*The problem*:
Retype the following data exactly, but leave its pictures out.

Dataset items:
===
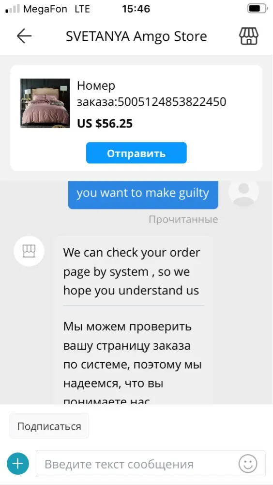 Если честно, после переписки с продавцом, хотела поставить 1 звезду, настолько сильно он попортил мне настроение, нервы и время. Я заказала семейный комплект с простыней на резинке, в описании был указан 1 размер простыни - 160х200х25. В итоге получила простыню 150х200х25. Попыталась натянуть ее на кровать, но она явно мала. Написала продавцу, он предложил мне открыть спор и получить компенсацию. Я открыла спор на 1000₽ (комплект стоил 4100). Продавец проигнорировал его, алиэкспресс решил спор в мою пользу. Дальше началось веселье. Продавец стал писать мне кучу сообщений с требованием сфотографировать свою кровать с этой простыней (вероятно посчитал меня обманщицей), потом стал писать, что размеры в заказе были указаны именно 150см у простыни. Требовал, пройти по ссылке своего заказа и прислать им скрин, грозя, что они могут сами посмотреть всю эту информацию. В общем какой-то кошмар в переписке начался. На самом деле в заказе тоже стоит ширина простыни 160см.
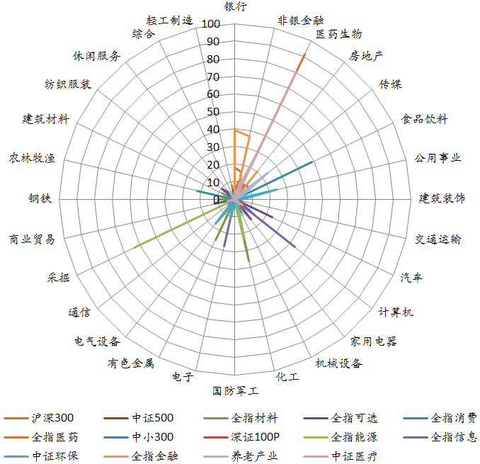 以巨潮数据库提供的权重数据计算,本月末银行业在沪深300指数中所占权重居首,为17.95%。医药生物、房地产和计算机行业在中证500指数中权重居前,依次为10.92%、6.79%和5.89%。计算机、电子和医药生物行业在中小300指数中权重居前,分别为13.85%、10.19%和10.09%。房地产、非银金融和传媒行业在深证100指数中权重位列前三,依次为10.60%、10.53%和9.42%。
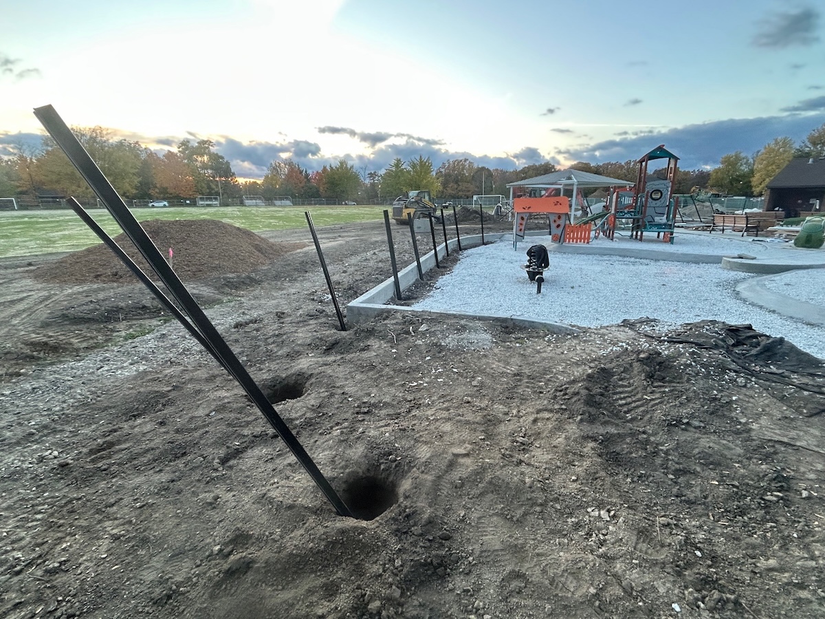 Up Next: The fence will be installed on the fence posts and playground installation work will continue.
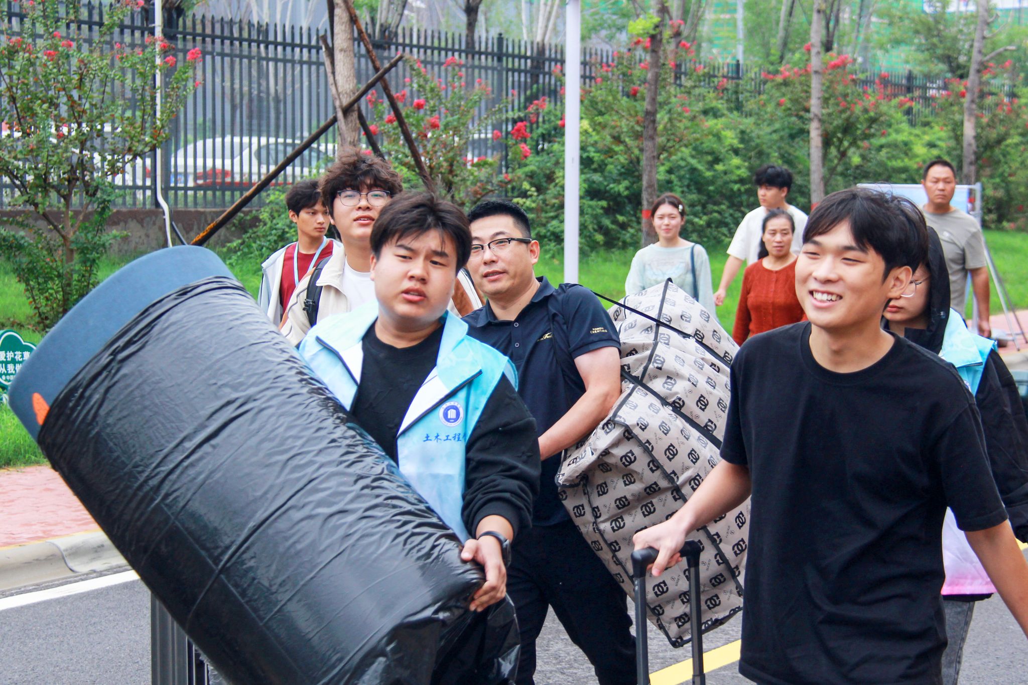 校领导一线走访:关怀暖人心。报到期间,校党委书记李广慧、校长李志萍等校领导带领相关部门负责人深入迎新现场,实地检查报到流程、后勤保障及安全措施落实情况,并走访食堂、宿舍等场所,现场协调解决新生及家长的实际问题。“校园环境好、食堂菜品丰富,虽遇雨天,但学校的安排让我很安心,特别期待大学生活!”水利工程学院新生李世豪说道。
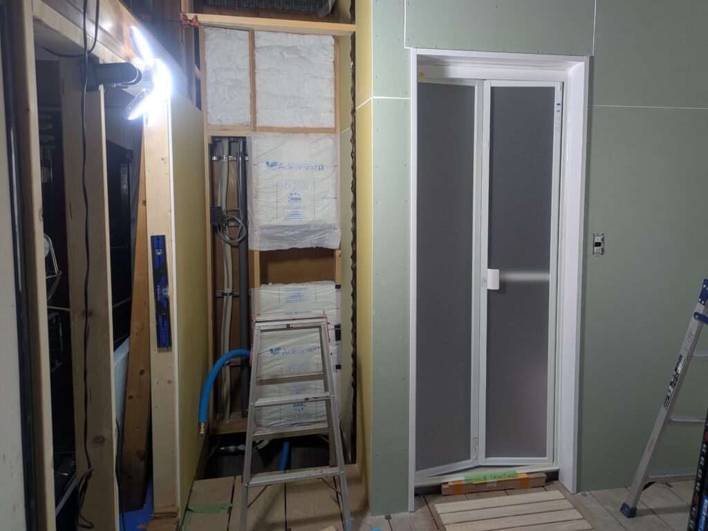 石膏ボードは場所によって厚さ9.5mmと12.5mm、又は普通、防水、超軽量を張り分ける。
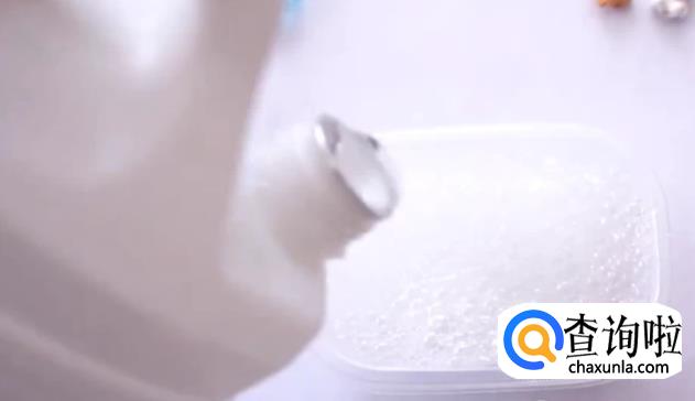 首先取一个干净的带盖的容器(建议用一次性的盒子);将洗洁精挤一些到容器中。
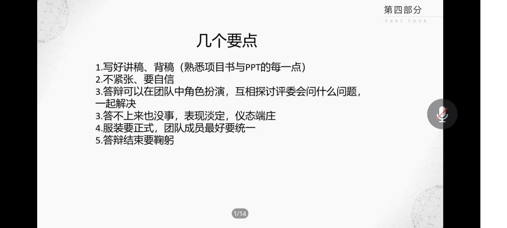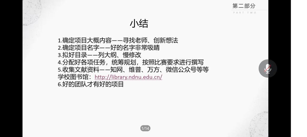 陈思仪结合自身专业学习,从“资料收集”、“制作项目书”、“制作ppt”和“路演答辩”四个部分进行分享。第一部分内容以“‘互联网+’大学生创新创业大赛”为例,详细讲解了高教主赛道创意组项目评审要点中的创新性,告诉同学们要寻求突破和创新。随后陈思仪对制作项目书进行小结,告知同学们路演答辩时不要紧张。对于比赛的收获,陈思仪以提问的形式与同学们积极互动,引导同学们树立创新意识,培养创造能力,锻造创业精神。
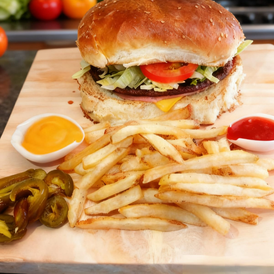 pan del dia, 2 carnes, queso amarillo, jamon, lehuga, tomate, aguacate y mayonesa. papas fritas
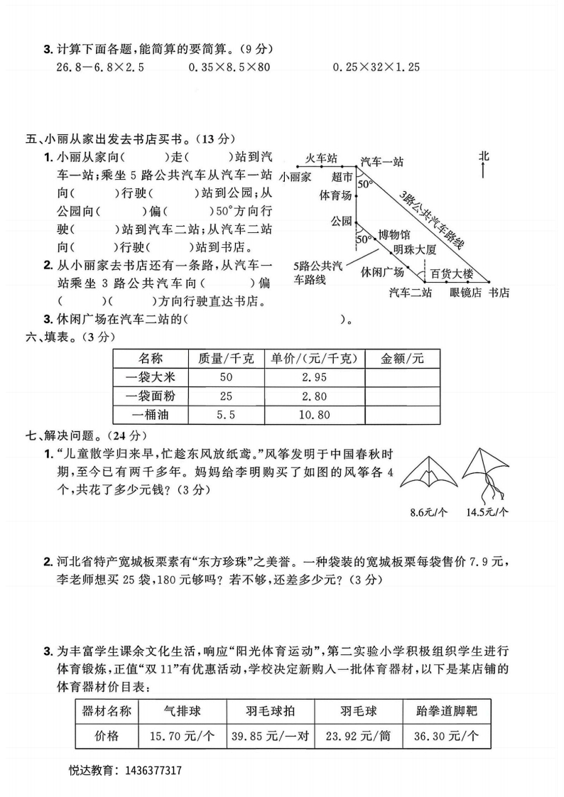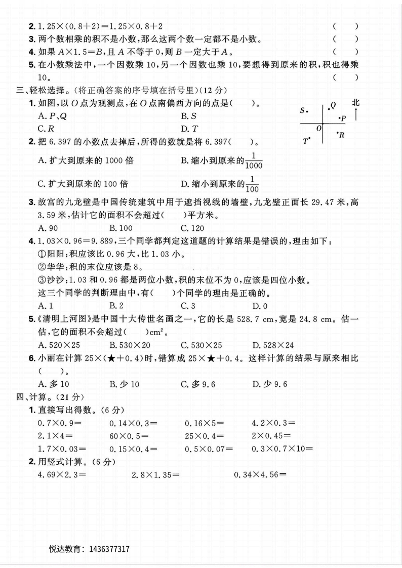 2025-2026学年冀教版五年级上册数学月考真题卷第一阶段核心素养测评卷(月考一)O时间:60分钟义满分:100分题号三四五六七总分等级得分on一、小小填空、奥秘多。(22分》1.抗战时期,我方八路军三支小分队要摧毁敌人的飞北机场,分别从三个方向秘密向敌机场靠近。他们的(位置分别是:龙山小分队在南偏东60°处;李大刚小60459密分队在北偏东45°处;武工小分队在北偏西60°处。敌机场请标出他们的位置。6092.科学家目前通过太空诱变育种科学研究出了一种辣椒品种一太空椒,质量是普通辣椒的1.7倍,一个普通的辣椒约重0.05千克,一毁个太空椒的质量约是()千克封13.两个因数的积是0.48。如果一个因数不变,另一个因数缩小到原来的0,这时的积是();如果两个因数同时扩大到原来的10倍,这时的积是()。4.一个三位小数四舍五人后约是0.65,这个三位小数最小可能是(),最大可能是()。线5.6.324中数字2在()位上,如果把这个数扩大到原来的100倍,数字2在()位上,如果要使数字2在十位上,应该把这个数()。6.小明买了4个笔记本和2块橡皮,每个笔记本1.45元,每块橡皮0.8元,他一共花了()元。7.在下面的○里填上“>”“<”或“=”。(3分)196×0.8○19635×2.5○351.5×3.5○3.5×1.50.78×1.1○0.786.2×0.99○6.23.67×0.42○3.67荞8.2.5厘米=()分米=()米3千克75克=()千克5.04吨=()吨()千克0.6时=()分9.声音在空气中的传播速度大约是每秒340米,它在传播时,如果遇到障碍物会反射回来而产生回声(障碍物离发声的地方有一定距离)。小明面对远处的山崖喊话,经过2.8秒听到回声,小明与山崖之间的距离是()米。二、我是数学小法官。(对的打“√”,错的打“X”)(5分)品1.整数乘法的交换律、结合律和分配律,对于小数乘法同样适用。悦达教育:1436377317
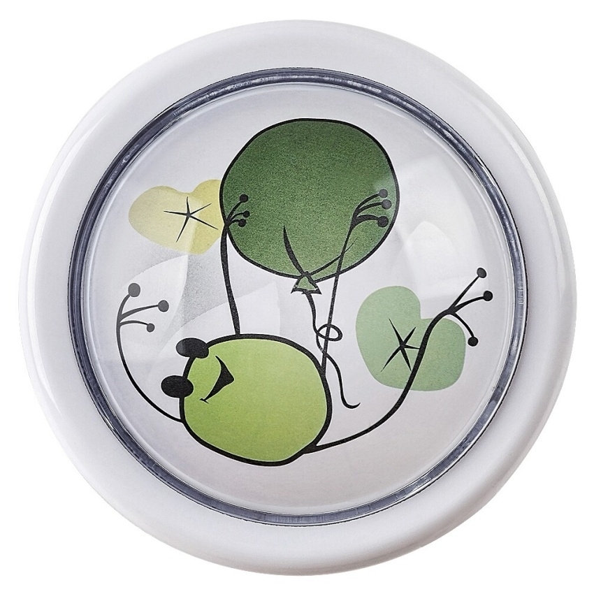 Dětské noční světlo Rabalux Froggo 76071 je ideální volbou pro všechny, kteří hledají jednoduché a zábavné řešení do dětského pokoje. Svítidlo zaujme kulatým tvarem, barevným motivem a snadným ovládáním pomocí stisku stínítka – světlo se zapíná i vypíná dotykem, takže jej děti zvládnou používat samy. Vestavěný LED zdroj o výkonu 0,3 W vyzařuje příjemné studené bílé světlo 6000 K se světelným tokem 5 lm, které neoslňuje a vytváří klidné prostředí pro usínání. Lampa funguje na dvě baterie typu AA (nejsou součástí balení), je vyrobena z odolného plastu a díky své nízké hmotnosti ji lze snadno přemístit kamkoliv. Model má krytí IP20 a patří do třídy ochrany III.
===
*Exercise result*:
 Если честно, после переписки с продавцом, хотела поставить 1 звезду, настолько сильно он попортил мне настроение, нервы и время. Я заказала семейный комплект с простыней на резинке, в описании был указан 1 размер простыни - 160х200х25. В итоге получила простыню 150х200х25. Попыталась натянуть ее на кровать, но она явно мала. Написала продавцу, он предложил мне открыть спор и получить компенсацию. Я открыла спор на 1000₽ (комплект стоил 4100). Продавец проигнорировал его, алиэкспресс решил спор в мою пользу. Дальше началось веселье. Продавец стал писать мне кучу сообщений с требованием сфотографировать свою кровать с этой простыней (вероятно посчитал меня обманщицей), потом стал писать, что размеры в заказе были указаны именно 150см у простыни. Требовал, пройти по ссылке своего заказа и прислать им скрин, грозя, что они могут сами посмотреть всю эту информацию. В общем какой-то кошмар в переписке начался. На самом деле в заказе тоже стоит ширина простыни 160см.
 以巨潮数据库提供的权重数据计算,本月末银行业在沪深300指数中所占权重居首,为17.95%。医药生物、房地产和计算机行业在中证500指数中权重居前,依次为10.92%、6.79%和5.89%。计算机、电子和医药生物行业在中小300指数中权重居前,分别为13.85%、10.19%和10.09%。房地产、非银金融和传媒行业在深证100指数中权重位列前三,依次为10.60%、10.53%和9.42%。
 Up Next: The fence will be installed on the fence posts and playground installation work will continue.
 校领导一线走访:关怀暖人心。报到期间,校党委书记李广慧、校长李志萍等校领导带领相关部门负责人深入迎新现场,实地检查报到流程、后勤保障及安全措施落实情况,并走访食堂、宿舍等场所,现场协调解决新生及家长的实际问题。“校园环境好、食堂菜品丰富,虽遇雨天,但学校的安排让我很安心,特别期待大学生活!”水利工程学院新生李世豪说道。
 石膏ボードは場所によって厚さ9.5mmと12.5mm、又は普通、防水、超軽量を張り分ける。
 首先取一个干净的带盖的容器(建议用一次性的盒子);将洗洁精挤一些到容器中。
 陈思仪结合自身专业学习,从“资料收集”、“制作项目书”、“制作ppt”和“路演答辩”四个部分进行分享。第一部分内容以“‘互联网+’大学生创新创业大赛”为例,详细讲解了高教主赛道创意组项目评审要点中的创新性,告诉同学们要寻求突破和创新。随后陈思仪对制作项目书进行小结,告知同学们路演答辩时不要紧张。对于比赛的收获,陈思仪以提问的形式与同学们积极互动,引导同学们树立创新意识,培养创造能力,锻造创业精神。
 pan del dia, 2 carnes, queso amarillo, jamon, lehuga, tomate, aguacate y mayonesa. papas fritas
 2025-2026学年冀教版五年级上册数学月考真题卷第一阶段核心素养测评卷(月考一)O时间:60分钟义满分:100分题号三四五六七总分等级得分on一、小小填空、奥秘多。(22分》1.抗战时期,我方八路军三支小分队要摧毁敌人的飞北机场,分别从三个方向秘密向敌机场靠近。他们的(位置分别是:龙山小分队在南偏东60°处;李大刚小60459密分队在北偏东45°处;武工小分队在北偏西60°处。敌机场请标出他们的位置。6092.科学家目前通过太空诱变育种科学研究出了一种辣椒品种一太空椒,质量是普通辣椒的1.7倍,一个普通的辣椒约重0.05千克,一毁个太空椒的质量约是()千克封13.两个因数的积是0.48。如果一个因数不变,另一个因数缩小到原来的0,这时的积是();如果两个因数同时扩大到原来的10倍,这时的积是()。4.一个三位小数四舍五人后约是0.65,这个三位小数最小可能是(),最大可能是()。线5.6.324中数字2在()位上,如果把这个数扩大到原来的100倍,数字2在()位上,如果要使数字2在十位上,应该把这个数()。6.小明买了4个笔记本和2块橡皮,每个笔记本1.45元,每块橡皮0.8元,他一共花了()元。7.在下面的○里填上“>”“<”或“=”。(3分)196×0.8○19635×2.5○351.5×3.5○3.5×1.50.78×1.1○0.786.2×0.99○6.23.67×0.42○3.67荞8.2.5厘米=()分米=()米3千克75克=()千克5.04吨=()吨()千克0.6时=()分9.声音在空气中的传播速度大约是每秒340米,它在传播时,如果遇到障碍物会反射回来而产生回声(障碍物离发声的地方有一定距离)。小明面对远处的山崖喊话,经过2.8秒听到回声,小明与山崖之间的距离是()米。二、我是数学小法官。(对的打“√”,错的打“X”)(5分)品1.整数乘法的交换律、结合律和分配律,对于小数乘法同样适用。悦达教育:1436377317
 Dětské noční světlo Rabalux Froggo 76071 je ideální volbou pro všechny, kteří hledají jednoduché a zábavné řešení do dětského pokoje. Svítidlo zaujme kulatým tvarem, barevným motivem a snadným ovládáním pomocí stisku stínítka – světlo se zapíná i vypíná dotykem, takže jej děti zvládnou používat samy. Vestavěný LED zdroj o výkonu 0,3 W vyzařuje příjemné studené bílé světlo 6000 K se světelným tokem 5 lm, které neoslňuje a vytváří klidné prostředí pro usínání. Lampa funguje na dvě baterie typu AA (nejsou součástí balení), je vyrobena z odolného plastu a díky své nízké hmotnosti ji lze snadno přemístit kamkoliv. Model má krytí IP20 a patří do třídy ochrany III.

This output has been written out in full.